The second part of the input layer is the knowledge graph embedding matrix (K), which encode the relationships between the medical entities present in the clinical text with all related entities regardless of whether they are present in the clinical text or not. To this end, we extract from \({\textbf {w}}\) the most significant medical entities using a domain-specific Named Entity Recognition model .Footnote 2 This results in the sequence \({\textbf {t}}\) denoted as \({\textbf {t}} = \{t_1, t_2,...., t_m\}\), where m is the number of medically significant entities extracted by the entity extraction model. Using each entity \(j_j\), a Knowledge Graph is queried to obtain the knowledge graph embedding \(k_j\). Hence the knowledge graph embedding matrix becomes, \(K = \{k_1, k_2,...., k_m\} \in \mathbb {R}^{m \times d^{(k)} }\), where \(d^{(k)}\) denotes the dimension of the knowledge embedding. In this paper, we employed PyTorch BigGraph (PGB)[38] which is an embedding system provided by Meta ResearchFootnote 3 community. PGB learns the node and edges representations of massive knowledge graphs and embeds the nodes and relations in the graph. Its strength lies in the fact that it is trained on the large WikidataFootnote 4 knowledge graph with 78 million entities and 4131 relations and provides embedding of 200 dimensions. It is highly likely that the medical entities extracted from the clinical text exist in Wikidata and are connected to other medical entities with several relationship types. The word embedding matrix and the KG embedding matrix jointly serve as the input layer (i.e., clinical text representation) to the model.

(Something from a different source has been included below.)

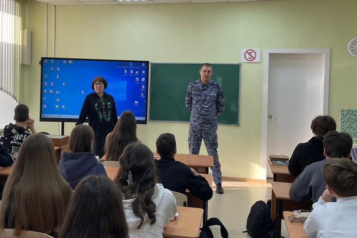 В школе №31 города Осинники для учащихся 8-го класса прошёл «Урок Мужества», на котором выступил сотрудник городского филиала вневедомственной охраны Росгвардии

3.3 Multi-filter convolution layer

To map the clinical text representation to the ICD codes, we followed the work of Li and Yu [22] by building a multi-filter 1-dimensional Convolutional Neural Network architecture. The strategy is to pass the varied length of texts through a parallel set of CNN networks. However, the kernel size is of different lengths for each CNN filter. Given p filters, the corresponding kernel size would be \(k_p\) and the convolution filter would be \(W_p \in \mathbb {R}^{k_p \times d^{(e)} \times d^{(c)}}\) where \(d^{(e)}\) is the input dimension and \(d^{(c)}\) is the output dimension. In general, the filter/convolution operation on a vector reduces the size of the output vector. However, in this approach, we aim to keep the size of the output vector the same as the input. To this end, the number of parameters is calculated as follows:

$$L_{{{\text{out}}}} = \left[ {\frac{{L_{{{\text{in}}}} + 2 \times {\text{padding}} - {\text{dilation}} \times ({\text{kernel}}\_{\text{size}} - 1) - 1}}{{{\text{stride}}}} + 1} \right]$$

By setting the stride = 1, dilation = 1, kernel_size = k, and padding = \(floor(\frac{k}{2})\), we can achieve our goal of same output size. With all these adjustments, the 1-Dimensional convolution operation can be formalized as:

$$\begin{aligned} \complement _{p,j}(E) = W_p^T \otimes E^{j:j+k_p-1} \end{aligned}$$
$$\begin{aligned} H_p = \sum _{j=1}^n \text{tanh}(\complement _{p,j}(E)) \end{aligned}$$

Here, \(\otimes\) represents a convolution operation and \(\complement _{p,j}\) indicates the output of \(p^{th}\) convolution where the input matrix position starts from j th row and ends at the row \(j+k_p-1\). \(H_n\) indicates the final layer output after the convolution output is passed though tanh activation for total n sequence of input and then concatenated (indicated by \(\sum\)) together.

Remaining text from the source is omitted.